きゃまなかのブログ

新卒6年目の WEB エンジニアです。 直近3年間は大規模システムの運用を担当していました。 今期から開発チームに移動になって、Java を勉強しています。 好きな言語が Ruby なので、Ruby 系の記事が多いです。

【Apache】graceful 再起動でホットデプロイを行う

概要

自分のお仕事は運用メインなので、リリース作業を行う機会が多いです。

正直、数年間同じ仕事をしているので、リリース作業は慣れましたし飽きました(苦笑)

そこで、少しでも今のリリース作業が簡略化できる方法が無いか調べてみました。

そこで見つけたのがホットデプロイです。

現在のリリース手順とは、ロードバランサから数台ずつサーバーをサービスアウトしてリリースして戻す(サービスイン)と言うものです。

リリース時にサーバーの再起動(詳しくは Apache の再起動)を行うため、ユーザー影響がないようにサービスアウトしています。

ホットデプロイを導入すると、アプリケーションの修正を行っても、サーバーの再起動を行わずに本番環境に反映させることが出来ます。

と言うことは、ロードバランサから数台ずつサービスアウトせずに、一気に全台リリース出来るようになりますよね??

実現すれば、かなり作業が簡略化されます。

自分が運用しているシステムは LAMP 環境が多いので、LAMP 環境でホットデプロイが出来るか調べてみました。

はじめに

LAMP 環境とは?

Web サービスを開発する際の環境の組み合わせで、それぞれの頭文字も取ったものです。

OS  Linux
Webサーバ  Apache
DB  MySQL
プログラミング言語  PHP ( Perl, Python )

参考:LAMP (ソフトウェアバンドル) - Wikipedia

多くの企業で導入実績があり、沢山のモジュールやプラグインが配布されているため、拡張性に優れている気がします。

全てオープンソースソフトウェア(無償)なので個人でも簡単に環境構築できます。

ホットデプロイとは?

アプリケーションに変更を加えた際に、サーバーのサービスアウトと再起動を行わずに運用環境に反映させる仕組みのことです。

詳しくは定義されていないので、サービスアウトと再起動なしで、アプリケーションの更新ができれば、なんでもホットデプロイと呼ばれる気がします。

参考:ホットデプロイとは - IT用語辞典 Weblio辞書

ホットデプロイ導入

最初は Ruby on Rails で良く使われている Unicorn みたいに Apache も出来るんじゃないかと思っていました。

誰かしら便利なモジュールを作っていると思ってました。
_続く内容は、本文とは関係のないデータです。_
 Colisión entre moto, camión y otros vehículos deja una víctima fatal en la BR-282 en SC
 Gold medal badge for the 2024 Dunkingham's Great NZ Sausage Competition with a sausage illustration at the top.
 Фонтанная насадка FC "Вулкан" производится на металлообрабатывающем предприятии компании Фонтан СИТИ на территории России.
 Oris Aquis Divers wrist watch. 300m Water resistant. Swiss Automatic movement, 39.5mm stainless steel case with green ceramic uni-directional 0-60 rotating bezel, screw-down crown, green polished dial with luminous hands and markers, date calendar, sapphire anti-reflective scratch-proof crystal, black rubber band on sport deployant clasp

けど無かったです。

調べてみたら、Apache でサービス停止をせずにプロセスを新しく立ち上げ直す方法があったのでそれを使おうと思います。

graceful で再起動

サービスの停止をせずに、アプリケーションの変更を取り入れて、プロセスを新しく立ち上げ直してくれます。

親プロセスは、子プロセスに現在のリクエスト処理が完了したら終了するように命令します。
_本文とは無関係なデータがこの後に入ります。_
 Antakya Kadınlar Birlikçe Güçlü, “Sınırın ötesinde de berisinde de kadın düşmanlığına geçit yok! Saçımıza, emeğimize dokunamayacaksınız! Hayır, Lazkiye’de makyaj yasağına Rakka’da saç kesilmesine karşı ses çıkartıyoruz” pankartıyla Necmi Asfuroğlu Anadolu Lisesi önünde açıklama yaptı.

親プロセスは設定ファイルを再読み込みして、ログファイルを開き直します。

restart と違って親プロセスは終了しないので PID はそのままです。

子プロセスが徐々に無くなるにつれて、新しい設定を反映した子プロセスが立ち上がりリクエストに応答します。

graceful では再起動する前に、設定ファイルの構文チェックをしてくれます。

誤りがあった場合は、エラーメッセージを出力し、サーバーの再起動は行いません。

コマンド
$ sudo apachectl -k graceful

又は

$ sudo /etc/init.d/httpd graceful
Gracefully restarting httpd:

参考:Stopping and Restarting Apache HTTP Server - Apache HTTP Server Version 2.4

注意点

SSL 証明書の更新や、モジュールの追加を行った場合は、graceful では反映されないケースがある様なので注意してください。

owen11.hateblo.jp

まとめ

Apache を利用しているサーバーでは graceful を利用することでホットデプロイ出来ることが分かりました。

今までアプリケーションを修正した際には、何でもかんでも(念のため) restart していましたが、 今後は graceful や reload など使い分けたいと思います。

SSL 証明書の更新や、モジュールの追加を伴うリリースは頻度が少ないので、基本は graceful を使おうと思います。

まだ実運用はしていませんが、これで通常のリリース手順を簡略化できたと思います。

ただし、全台一気に行うリリース作業は時間が短縮されましたが、事故リスクは高まりました。

development 環境で開発して、いきなり production 環境へのリリースではなく、staging 環境に一旦リリースして確認することが大事だと思います。